Your copy must start with the line containing "Nandyal (30 km)" and end with the last line of the entries, matching them exactly and leaving out every picture.

Dataset excerpts
=== Section Start ===
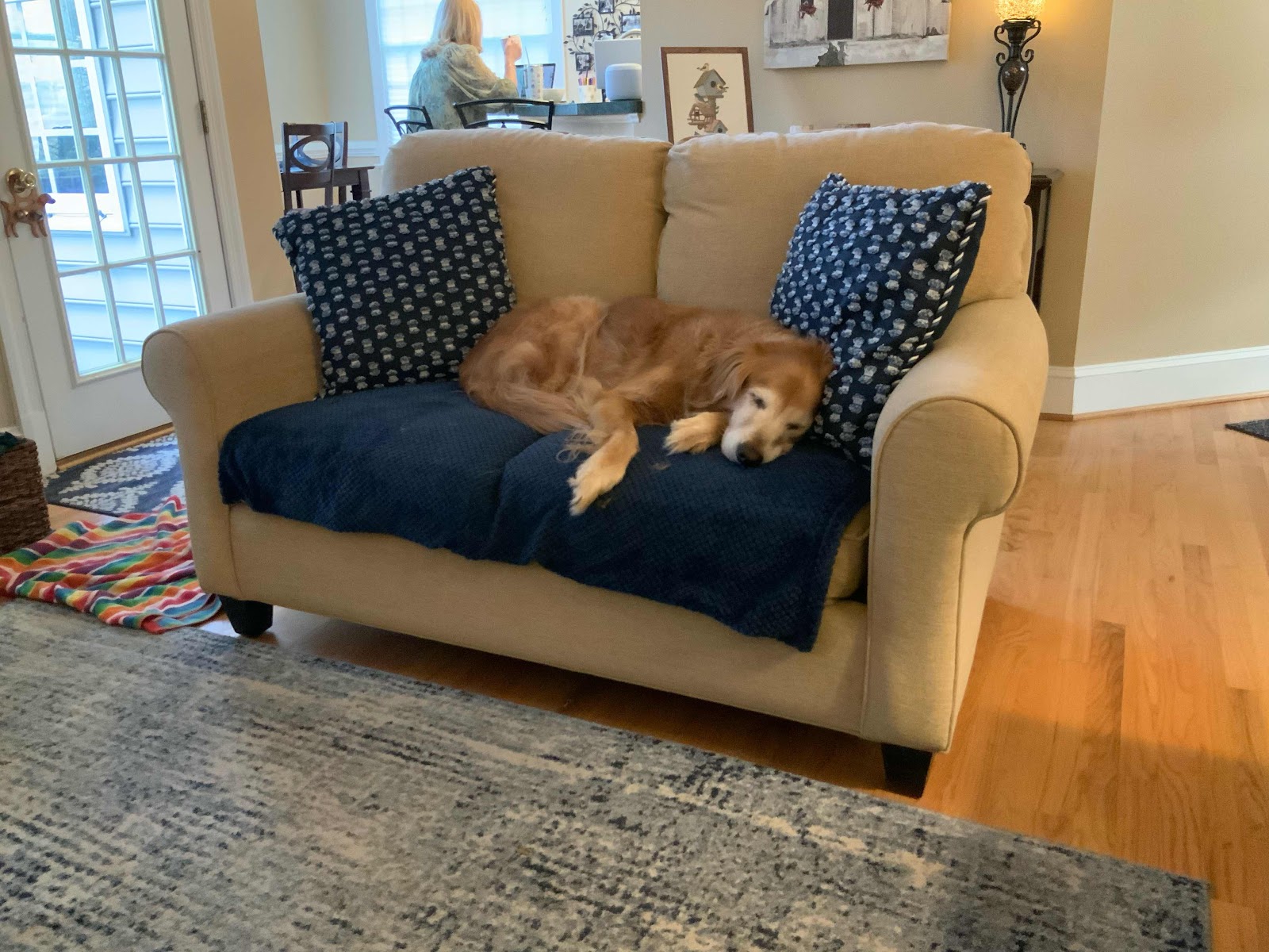In other words, Lucy follows me everywhere I go. She does not insist on me engaging with her, she seems content just to be there with me in anything I happen to be doing. When I am at my desk in the library she will turn around three revolutions then collapse herself on the floor at my feet with a mighty groan—her hips aren’t as nimble as they used to be. By the end of her day she is more tired than she used to be. Lucky for her she has many favorite snoozle locations throughout the house…
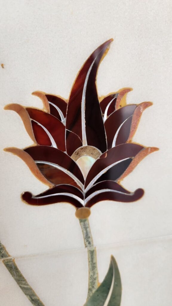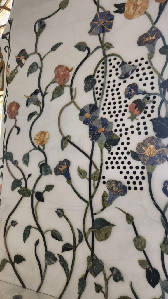 Once inside, one starts noticing the dedication to detail and splendour. The floors and pillars are all inlaid with floral designs in a variety of stone and ceramic.
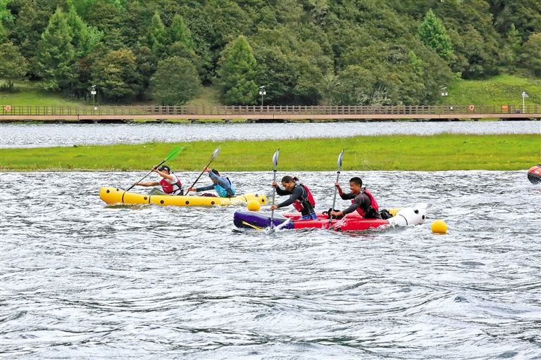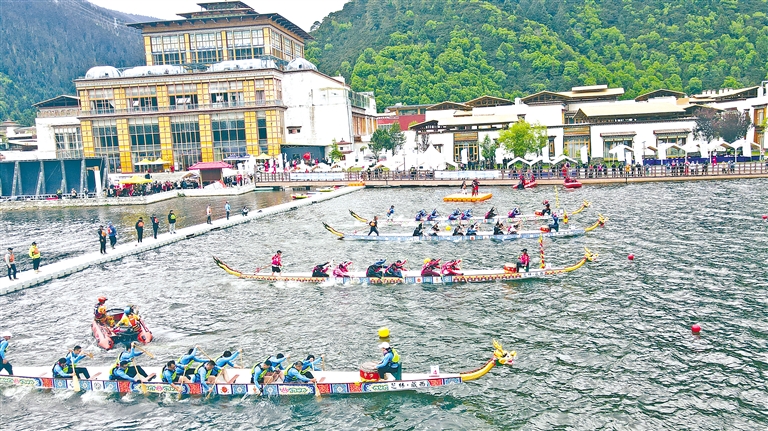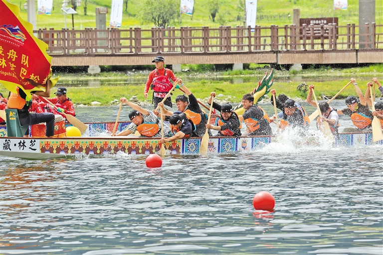 6月10日,2024年西藏林芝南迦巴瓦高原體(ti) 育大會(hui) 魯朗中尼高原龍舟友誼賽精彩上演。來自尼泊爾、新加坡和北京市、雲(yun) 南省以及拉薩市、林芝市等多地的8支龍舟隊,百餘(yu) 名運動員奮力揮槳、激流勇進,為(wei) 廣大群眾(zhong) 和遊客獻上了一場水上競技的“大餐”。
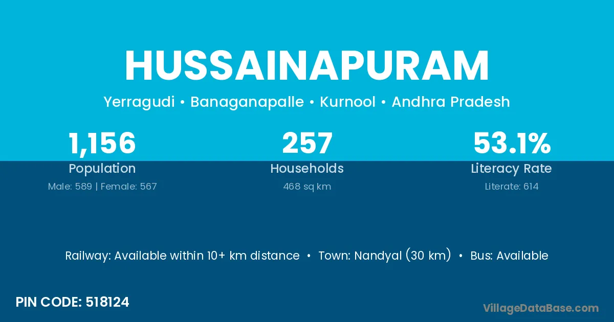 Nandyal (30 km) is the nearest town to Hussainapuram village for major economic activities and is located approximately 30 km away.
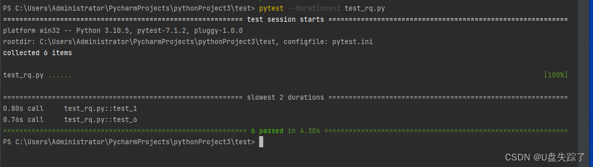 找出耗时最久的前五个case ---> pytest -s --durations=2 -v test_rq.py
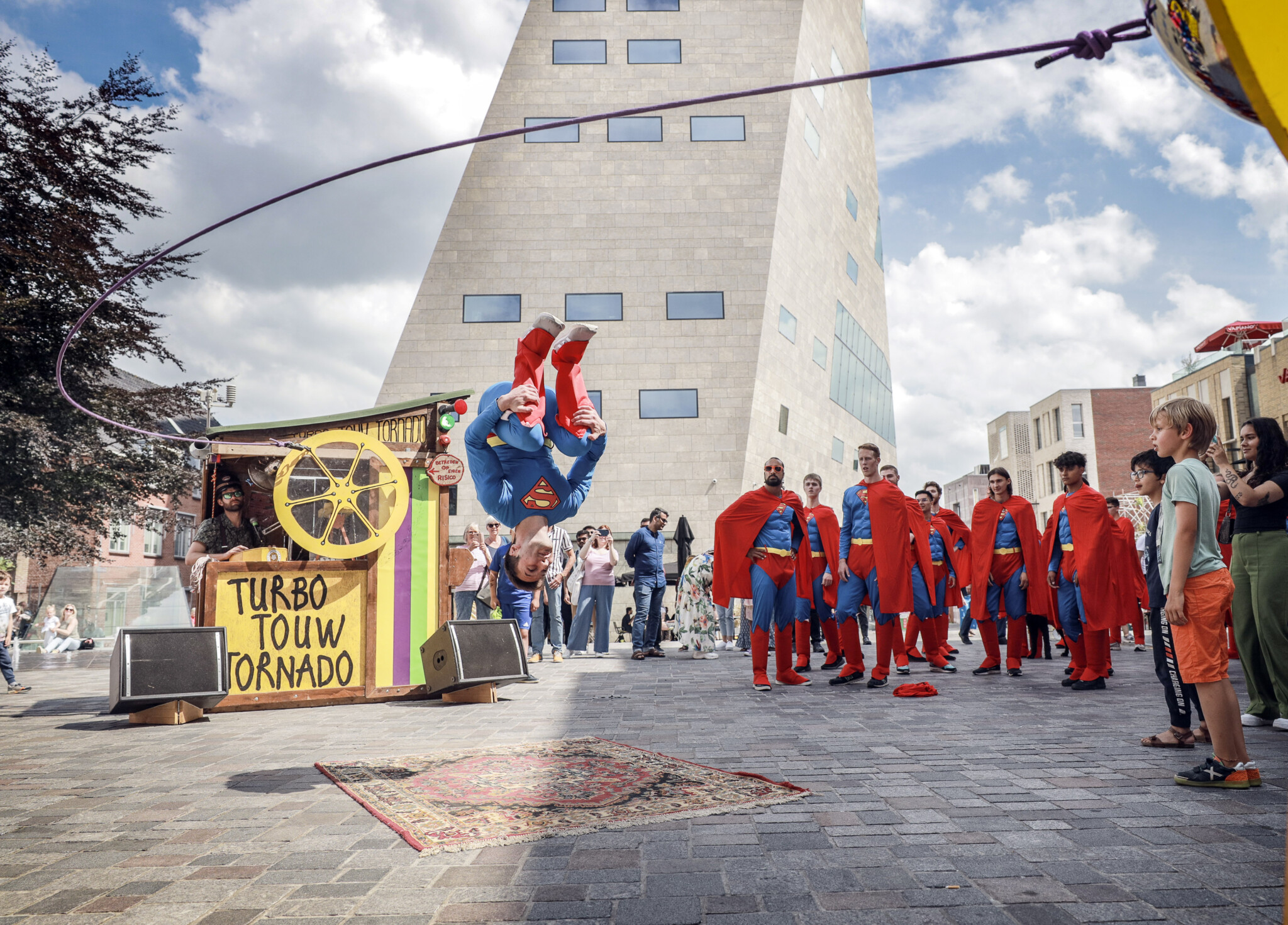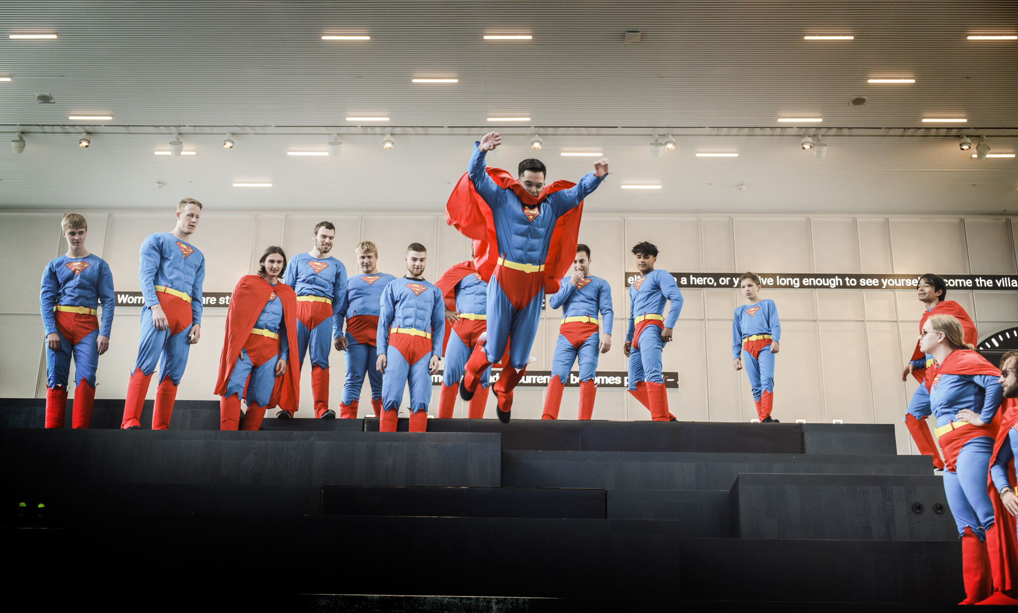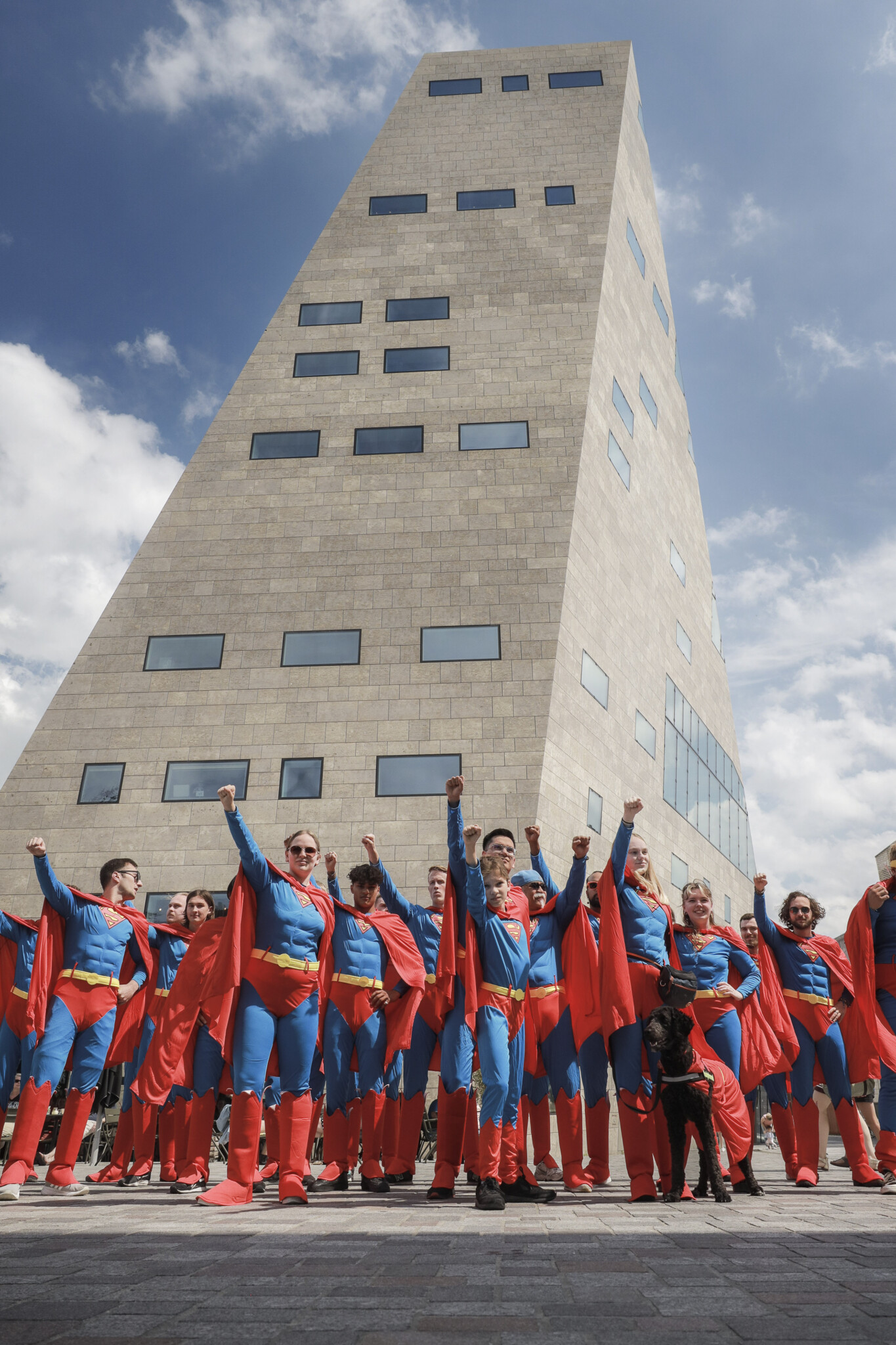 Maar zomaar de stad in sturen voor wat aandacht voelde te braaf. Dus maakten we er een opdracht van. Eén moment. Eén startsein. Vijftig superhelden tegelijk de stad in. Een overload. Geen uitleg, geen bordjes, alleen het beeld. Camera’s erachteraan en kijken wat er gebeurt.
=== Section End ===
■ **Written answer**:
 Nandyal (30 km) is the nearest town to Hussainapuram village for major economic activities and is located approximately 30 km away.
 找出耗时最久的前五个case ---> pytest -s --durations=2 -v test_rq.py
 Maar zomaar de stad in sturen voor wat aandacht voelde te braaf. Dus maakten we er een opdracht van. Eén moment. Eén startsein. Vijftig superhelden tegelijk de stad in. Een overload. Geen uitleg, geen bordjes, alleen het beeld. Camera’s erachteraan en kijken wat er gebeurt.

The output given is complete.